Sicko Road Show Rolls for Healthcare
Donna Smith from Sicko and a wide coalition of healthcare activists are on a national road show, visiting towns large and small to organize for guaranteed healthcare. I’ve posted her latest blog below. You can find out more here.
You may also want to check this out: Nevada Nurses are organizing with NNOC, a victory for patients *and* nurses!

SiCKO Cure Road Show rolls into New Orleans, joins voices calling for Charity Hospital reopening
By Donna Smith
NEW ORLEANS -- The SiCKO Cure Road Show rolled into New Orleans on Saturday, and the road show team immediately joined a meeting of local activists fighting the demolition of thousands of public housing units. Though some relatively powerful groups oppose the loss of some 3,900 public housing units, the demolitions will begin on December 4 unless an unexpected court ruling or an even more unlikely change of heart occurs to halt the tearing down of this vital housing for low income residents of the area.
Many people believe that the rebuilding of New Orleans includes a significant shifting of resources and effort toward private ownership and operation of formerly public facilities and services. Charity Hospital has never reopened, and prior to Katrina, more than 500,000 people received out-patient services and vital health care annually.
If those displaced by Katrina are ever to return to their homes in New Orleans and if the city will ever rebuild the full richness of its character and its people, the gutting of those places and services that allow societal diversity -- race, class and otherwise -- must be halted.

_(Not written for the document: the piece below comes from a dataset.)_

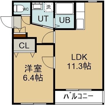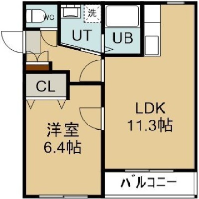 1LDK(42.12m²)└ 4階:LDK11.3帖 洋室6.4帖

Though the road show has a mission of bringing the message of HR676, single-payer universal health care (The National Health Insurance Act) to the people of the area, the issues of homelessness and lack of public facilities serving the poor and uninsured often go hand-in-hand with a lack of access to health care and other issues surrounding poverty. Donna Smith who appears in 'SiCKO' in on the road show team that also includes Liv Boykins, special assistant to Rep. John Conyers of Michigan, Julia Atkins of Florida, Joe Friendly of New York City and Bill Hill of Tucson. The team pulled into New Orleans after visiting cities in Indiana, Kentucky, Tennessee, Alabama and Mississippi.
More than two years ago, Hurricane Katrina and the levy breaches that followed claimed the lives of thousands in New Orleans as a horrified world watched. Though the FEMA debacle and the 'Heckuva job Brownie' moments made us all ashamed of the U.S. government's response to the disaster, the continued failure of the local, state and federal government responses now cry out for more than shame and outrage -- and most especially for action.
Brad Ott of New Orleans leads The Committee for the Reopening of Charity Hospital, and he explained after the viewing of SiCKO on Saturday evening at the Ashe' Cultural Arts Center that one of the efforts to reopen Charity includes will include bringing a class action legal case on behalf of those who now find themselves unable to access health care and who were formerly patients at Charity Hospital. Ott is looking for plaintiffs in the case and urges those who may be interested to contact him for more information, contact bradott@bellsouth.net.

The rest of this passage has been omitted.